Chenyo's org-static-blog

28 Dec 2024

Interesting Rust snippets

1. References

2. Reference and lifetime

let mut x;
x = 42;
let y = &x;
x = 43;
assert_eq!(*y, 42);

The above code will cause compiler error at x=43 since x has a shared reference which is still active after x=43. If we comment the assert_eq!, the code compiles.

let mut x = Vec::new();
let y = &mut x;
let z = &mut x;
y.push(42);
z.push(13);
assert_eq!(x, [42, 13]);

Similarly, the code above will cause compiler error at let z = &mut x since at this point there exist two mutable references for x. If we swap this line with y.push(42), the error is resolved because y is never used after let z = &mut x now.

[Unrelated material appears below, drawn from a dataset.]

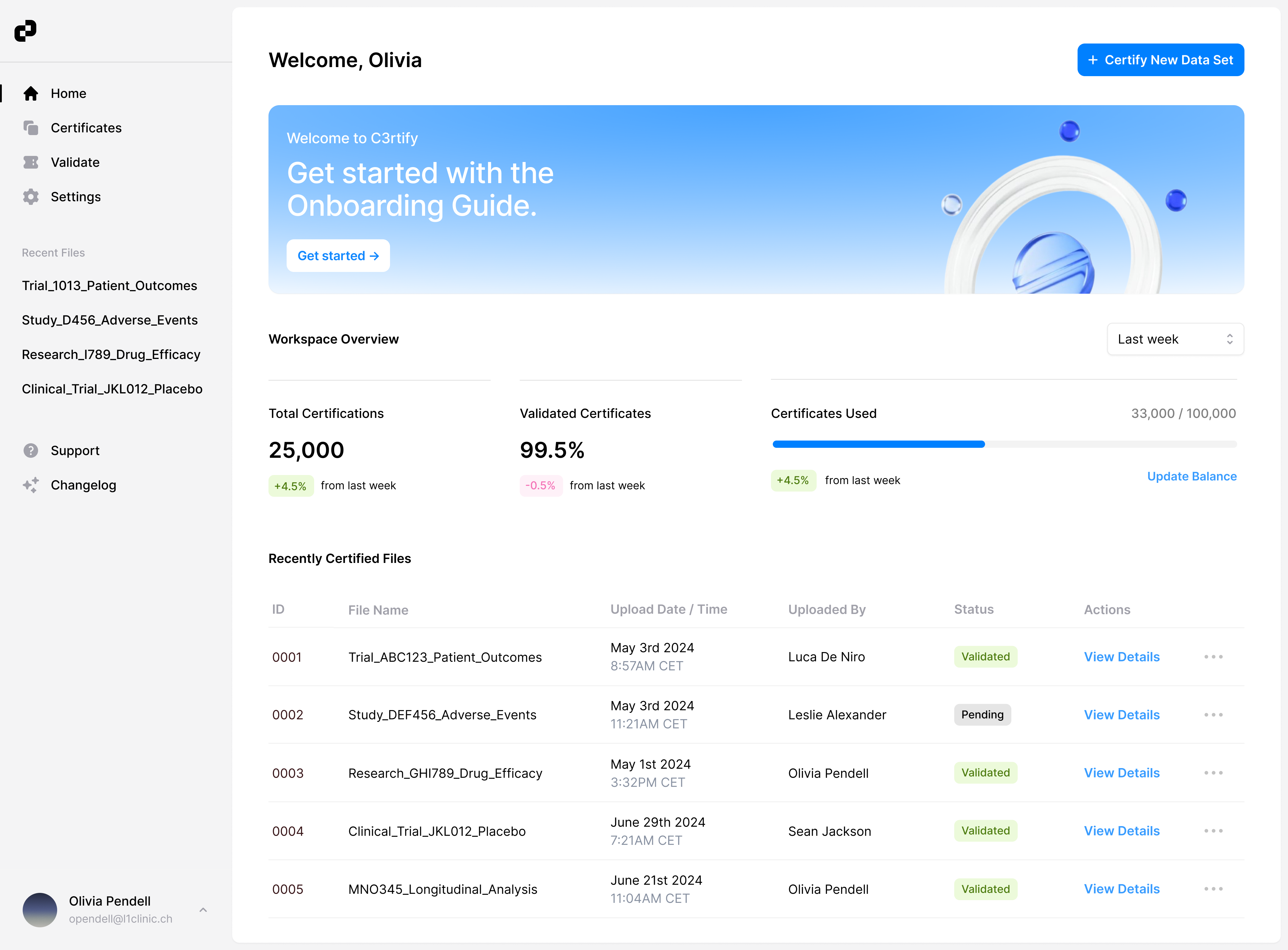C3rtify can certify a wide range of data types, including clinical trial results, patient records, research data, supply chain information, and more.

The compiler accepts the following code. In *x = 84, the borrow checker takes out a mutable reference to x, while there is also a shared reference r = &x in the scope at the same time, since it is not accessed later, it does not create a conflict flow. Similarly, when println!("{z}"), the borrow checker walks back the path and finds no conflict until the r us created.

let mut x = Box::new(42);
let r = &x; // lifetime 'a starts
if rand() > 0.5 {
    // deref a Box returns a shared or a mutable reference
    *x = 84;
} else {
    println!("{z}");
}
// println!("{z}");  // this will cause the compiler error

The following code also compiles, even when the lifetime is intermittently invalid:

let mut x = Box::new(42);
let mut z = &x;  // liefttime 'a starts
for i in 0..100 {
    println!({"z"});  // lifetime 'a ends here
    x = Box::new(i);  // x is moved
    z = &x;  // restart lifetime 'a
}
println!("{z}");  // 'a ends here

In the following code, we have to use two generic lifetime annotations:

struct MutStr<'a, 'b> {
    _s: &'a mut &'b str
}

let mut s = "hello";  // creates a 'static lifetime to "hello"
*MutStr {_s: &mut s}._s = "world";  // creates a mutable reference to s
println!("{s}");  // creates a shared reference to s, now s is "world"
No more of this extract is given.